In 1932, the municipality of Bam was officially moved from the vast, visually arresting complex of mud houses at the foot of the citadel to its present location a few miles north. The move freed the majestic ancient site for preservation -- already plans are underway to repair the heavy quake damage -- but offered residents a less certain future.
The 'New Citadel'
In the years before the quake, Iranians knew Bam for delicious dates, assorted citrus and dope.
"I went into Bam to buy some opium, but couldn't find any," a taxi driver from Kerman said Tuesday night. The surprise evident in the announcement has translated into desperation among the 20 percent of Bam's population older than 15 who are addicted. The Associated Press reported that emergency supplies of methadone and codeine were being rushed in to tide them over.
The rate of drug use follows from proximity to smuggling routes, but also from economic disappointment. In 1993, with much fanfare, the central government created a "Special Economic Zone," dubbed the "new citadel," on Bam's northern boundary.
The results were mixed at best. Factories appeared. So did people looking to work in them. Mohammad Ali Mo'einfer, an expert in human geography, estimated that 100,000 Iranians migrated to Bam in search of work, doubling the area's population in the decade before the quake.
"They were, of course, not rich enough to care about the kind of accommodation they were choosing," he said. The housing boom that ensued produced homes no more likely to be up to code than the government buildings that collapsed with them, including both of the city's hospitals.

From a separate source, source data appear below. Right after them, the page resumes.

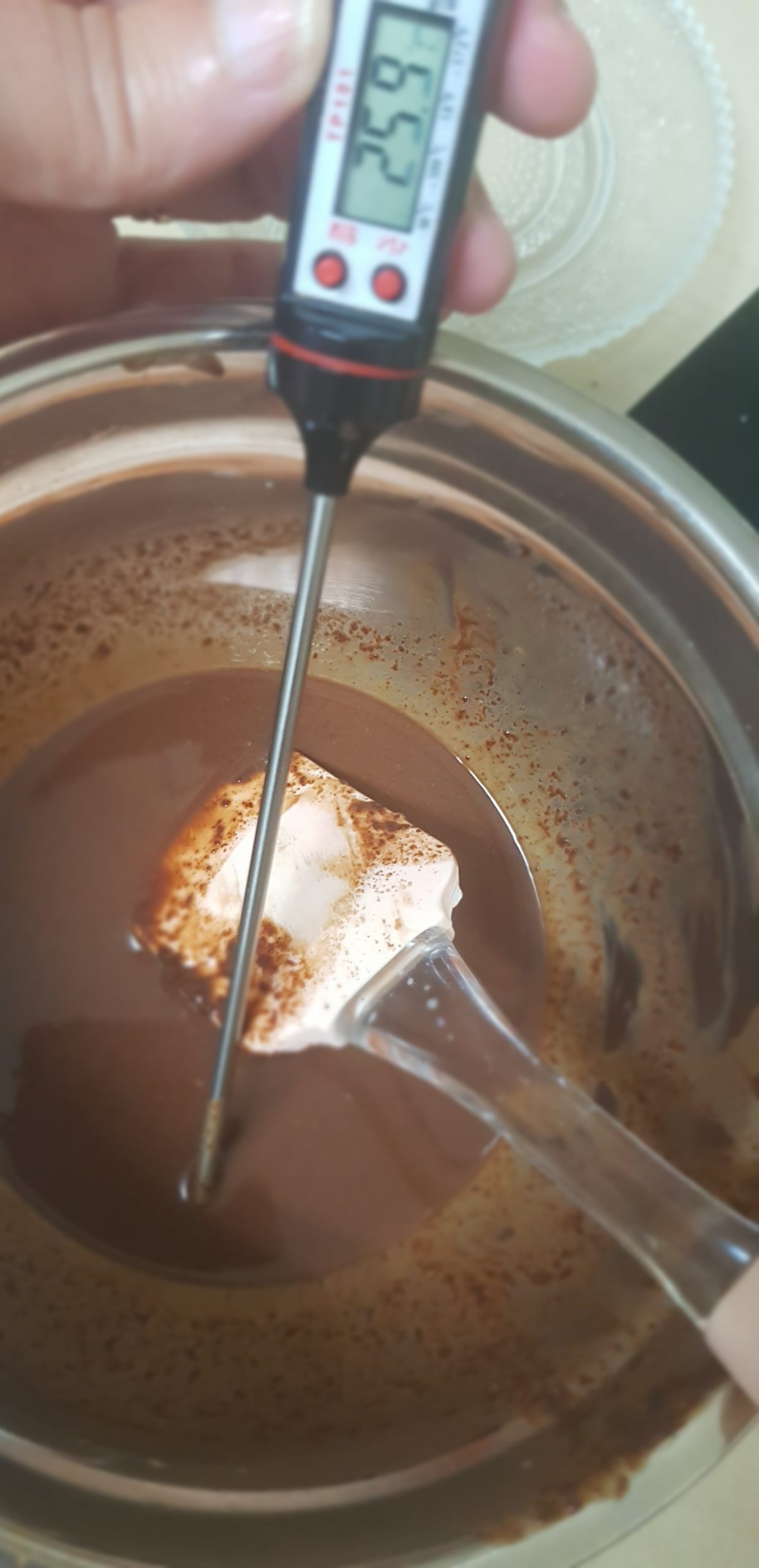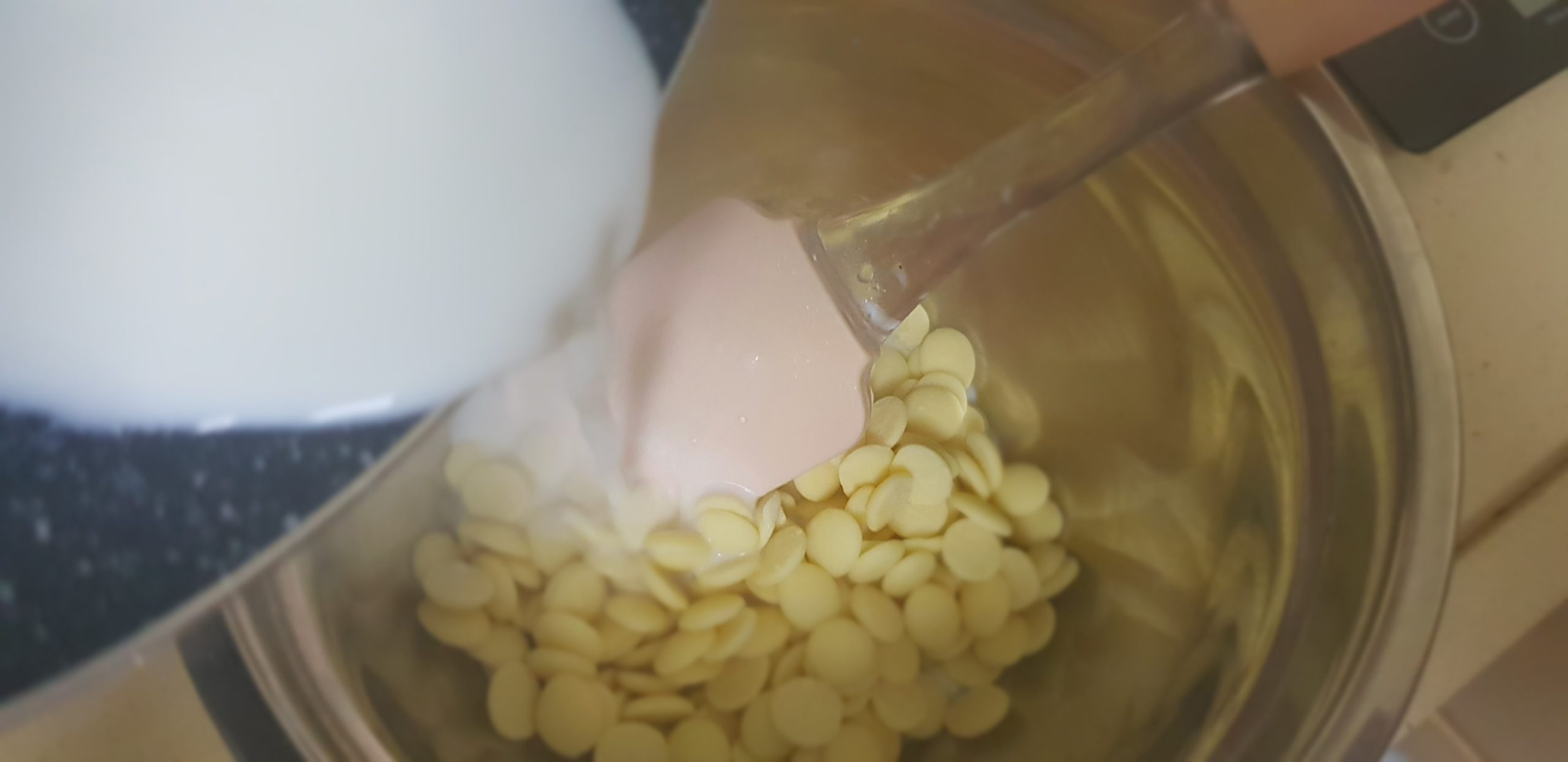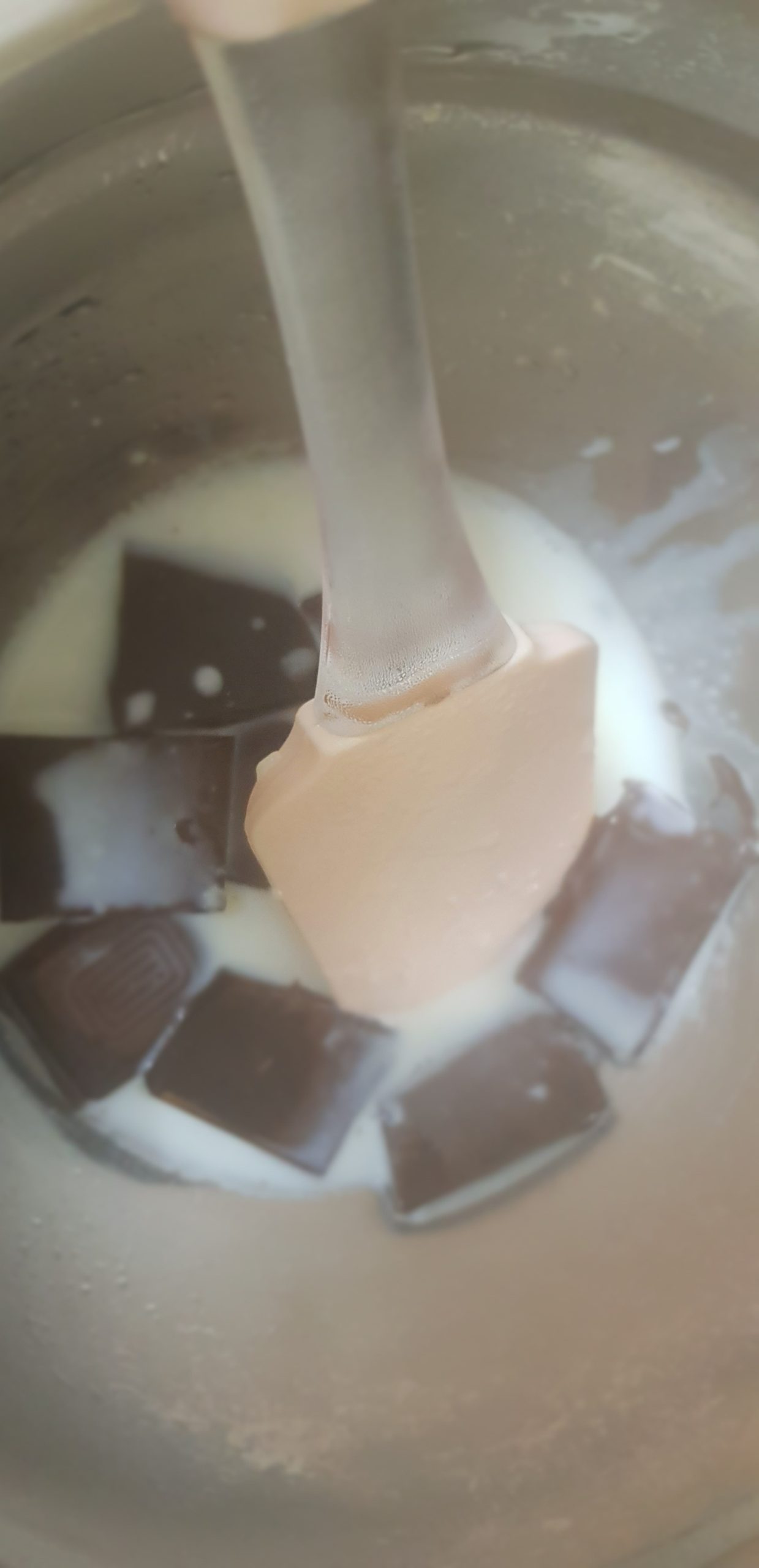 3 – Réaliser une émulsion en 3 fois en versant 1/3 du lait sur le chocolat pour obtenir une texture élastique lisse et brillante signe d’une émulsion démarrée.
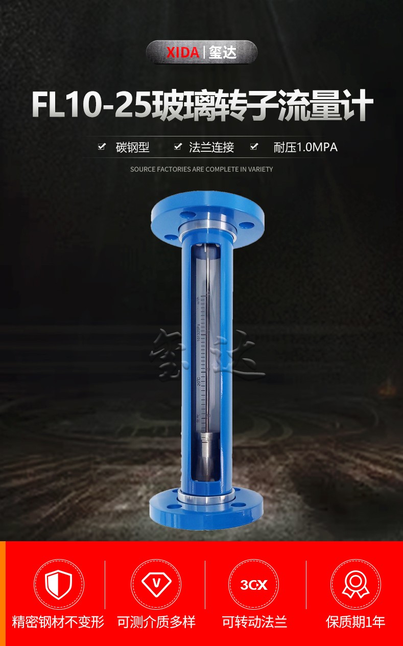 FL10-25法蘭玻璃轉子流量計是一款碳鋼材質,市場通用,垂直安裝,可測量氣體or液體的瞬間流量計。
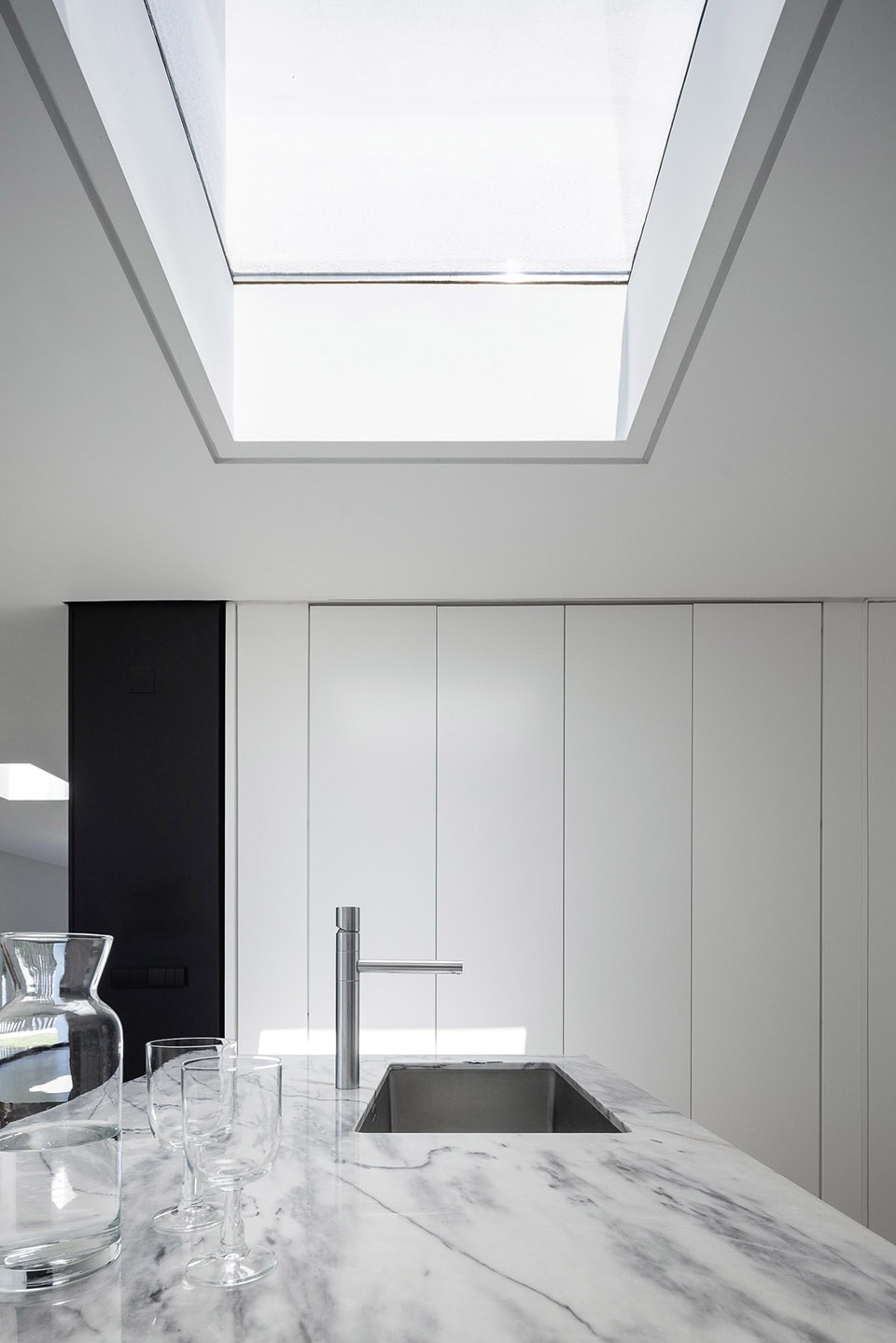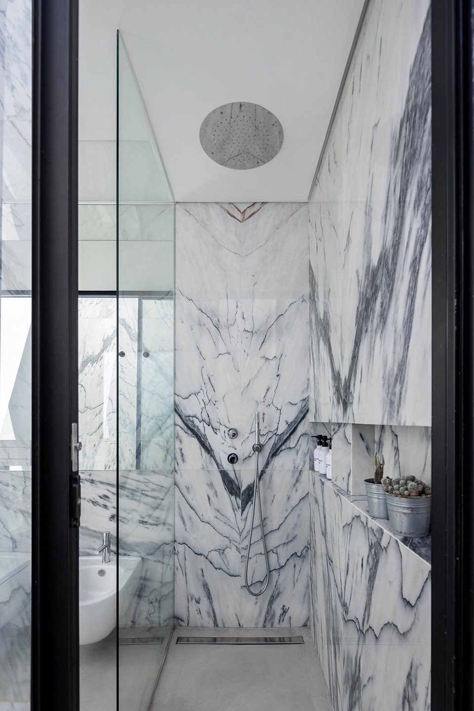 外部材料以喷涂饰面为主,搭配黑色阳极氧化铝窗框与搪瓷铁构件形成鲜明对比。室内材料保持一致且精炼:粉刷石膏墙壁与天花、局部使用白色大理石、黑色搪瓷面板,以及连续的浅灰色微水泥地面——共同构建出简约、优雅、富有当代感的氛围。

But the largest factory, built to assemble automobiles for South Korea's huge Daewoo conglomerate, ended up producing only car seats and smaller parts for export. Layoffs left much of the population struggling even before their homes were destroyed.
From his tent on the street, Mohammad Mozhdehi could see what remained of his. It hung there, a second-story apartment broken in half and showing its naked kitchen to passing traffic. Mozhdehi moved closer to a fire fueled by salvaged 2-by-4s and cabinet doors. He had lived with his wife, who died in the quake, above a shop in the city's main business district, the only neighborhood where reinforced construction kept at least a wall or two standing. The result was private spaces suddenly exposed: a living room wall with a gilded clock still keeping time, a tiled bathroom with a portrait of Ayatollah Ruhollah Khomeini scowling over the sink.
No Reason to Remain
On the street, the exodus continued at traffic circles where grassy centers had been turned into campgrounds. Heavy trucks carrying aid jostled with pickups laden with household belongings and an Iranian sedan called Pride, with its entire back half squashed but the wheels turning.
Just before the main highway, they all stopped at the last checkpoint. Residents need written permission to leave the city. They received it in a shattered police station, where two officers with batons were chasing two prisoners across a parking lot.
"I'm a teacher!" one of the prisoners yelled.
"You're a thief!" an officer yelled back.
At the station, Majid Fakhri, hollow-eyed but stoic, clutched his permission slip.
At 32, he was a widower.
"I lost all my family," he said. "More than 10 in all."
He was about to leave for the home of relatives elsewhere.
"There is nothing left to remain for," Fakhri said. "Now the main thing is the reconstruction."